The resulting dataset consisted of 55,655 ICU admissions (Table 3). The median number of average yearly admissions was 437 (interquartile range [IQR], 267–282) in all centers, 696 (IQR, 555–1,196) in teaching centers, and 238 (IQR, 174–325) in nonteaching centers. The average APACHE IV score was 68.5, 60.7, and 66.8, and the average APACHE IV predicted in-hospital mortality was 0.229, 0.236, and 0.203 for all, teaching, and nonteaching centers, respectively. There were six centers with more than 70% medical admissions, including three teaching and three nonteaching centers.

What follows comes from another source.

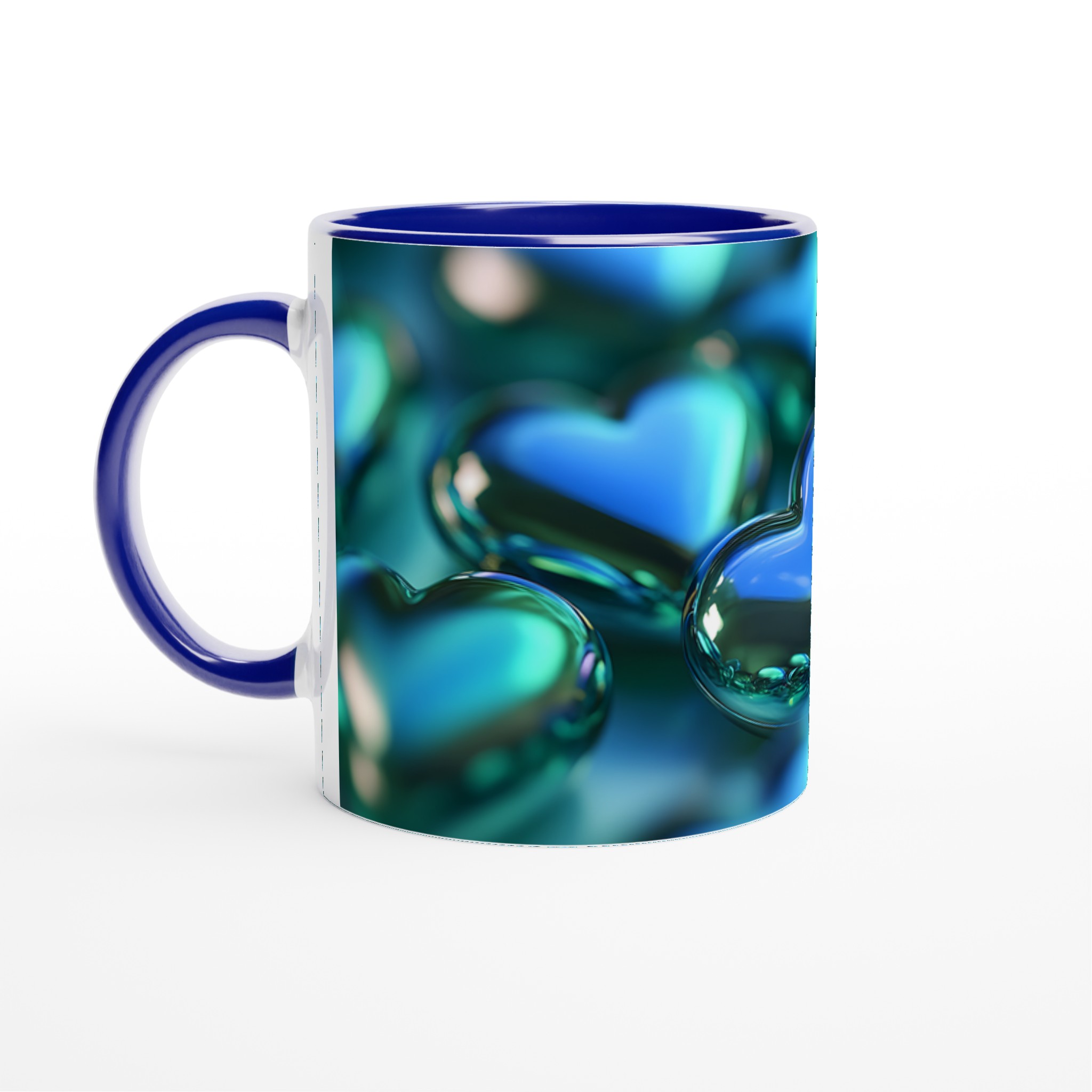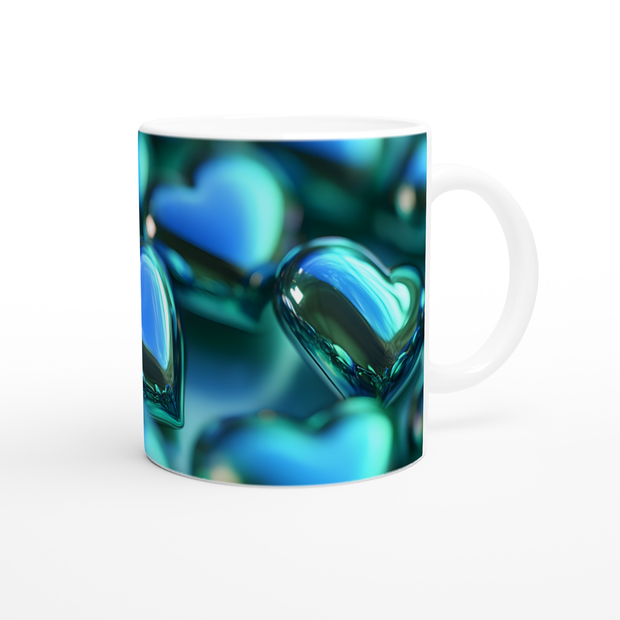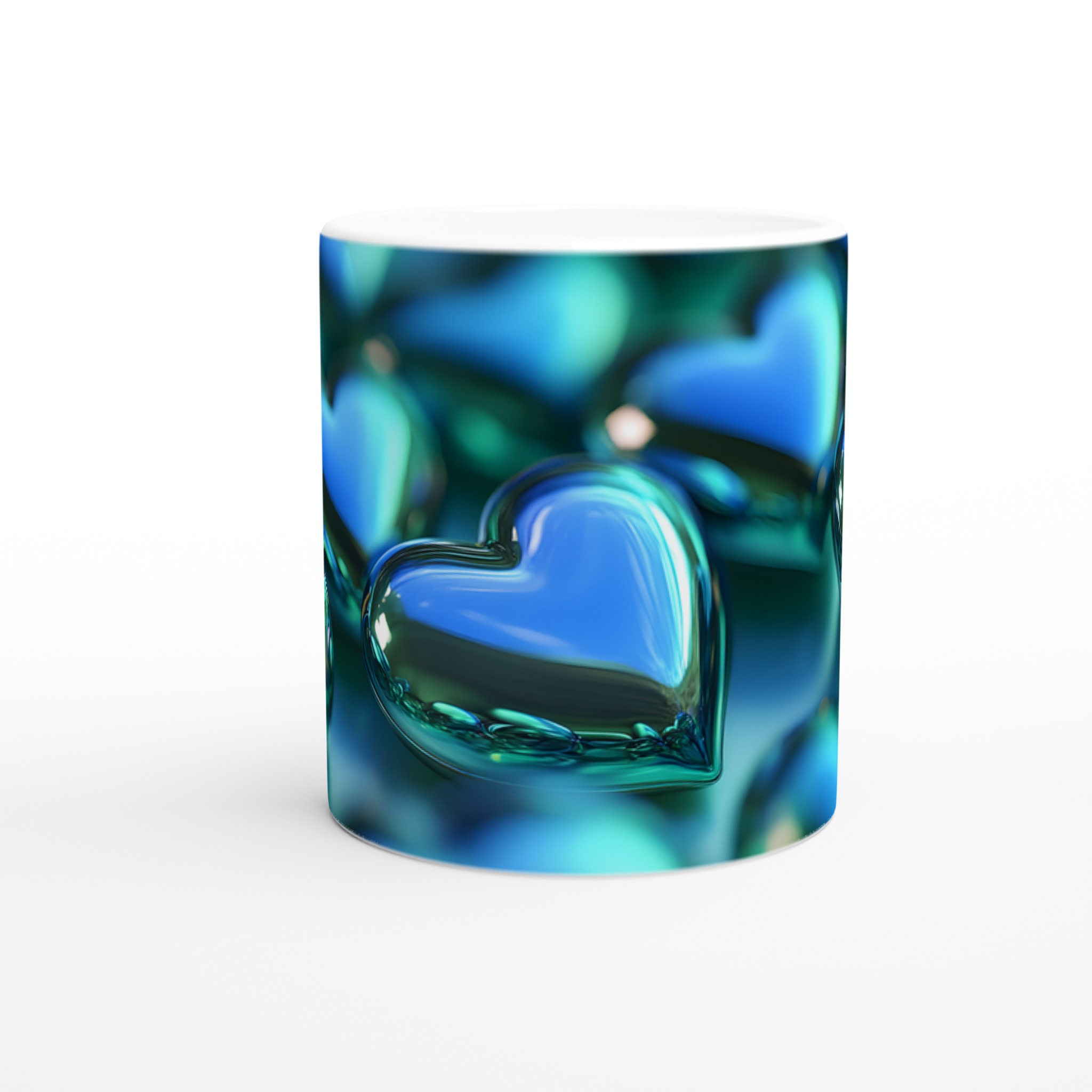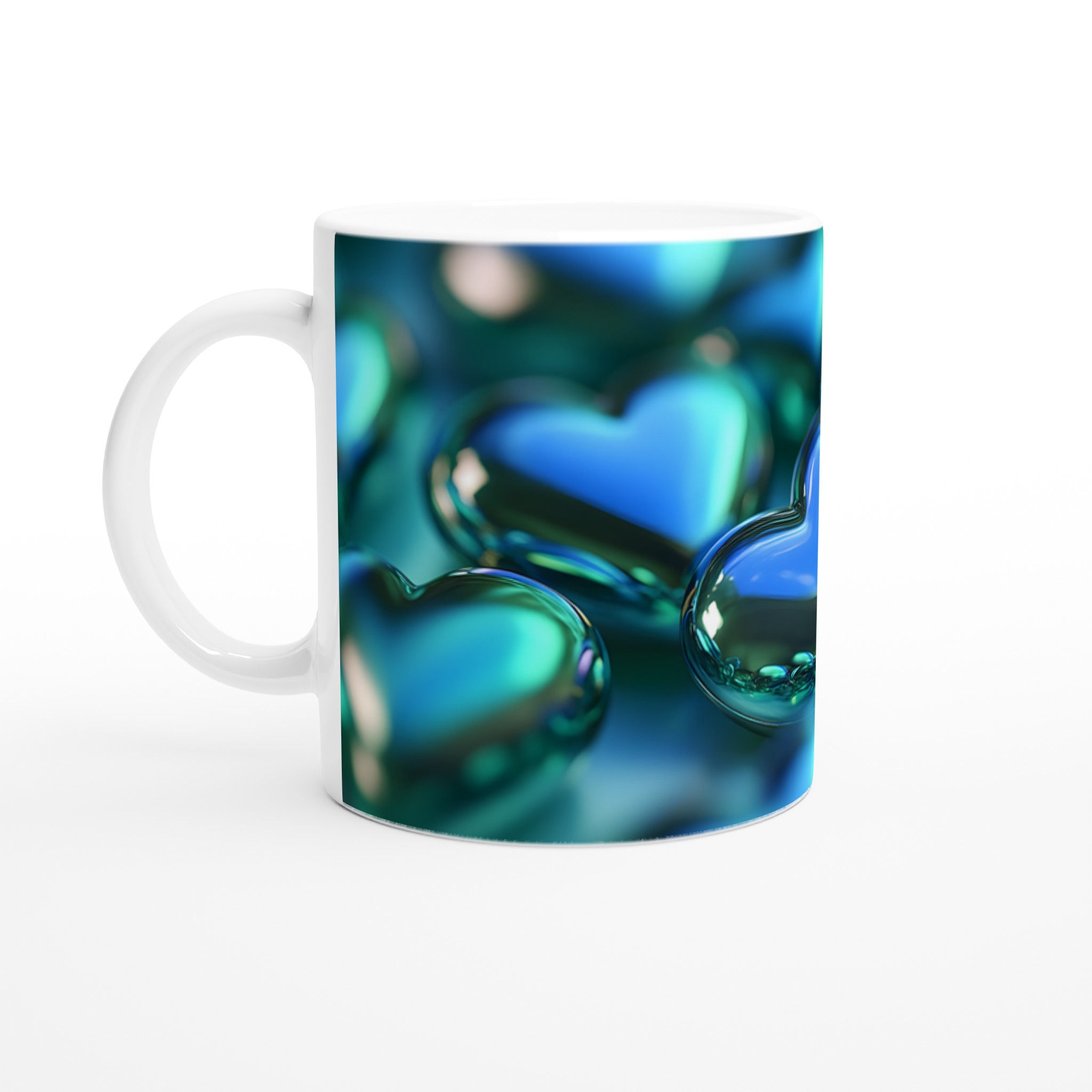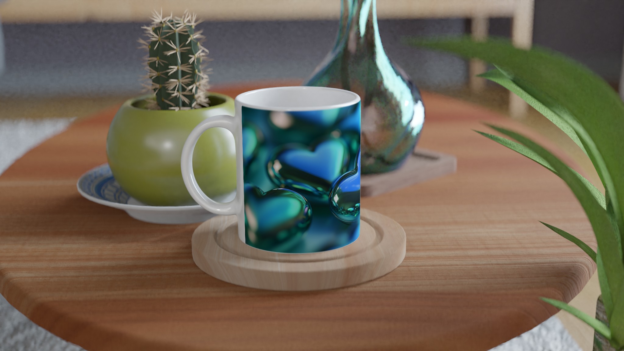 Vibrant Teal & Blue Heart 11oz Ceramic Mug – Your Choice of 7 Lustrous Hues

In Supplementary Tables 2 and 3 (Supplemental Digital Content 1, http://links.lww.com/CCM/E603), we present the main results, being the performance of the different methods and scenarios in comparison with the reference scenario (scenario 0, adjustment for APACHE IV score); this is both presented as the relative bias (percentages) and as the absolute bias (on the OR scale). Negative percentages reflect ORs less than 1 and thereby bias toward a protective effect of treatment, whereas positive percentages reflect ORs greater than 1 and thereby bias toward a harmful treatment effect. Coverages are presented in Supplementary Table 4 (Supplemental Digital Content 1, http://links.lww.com/CCM/E603).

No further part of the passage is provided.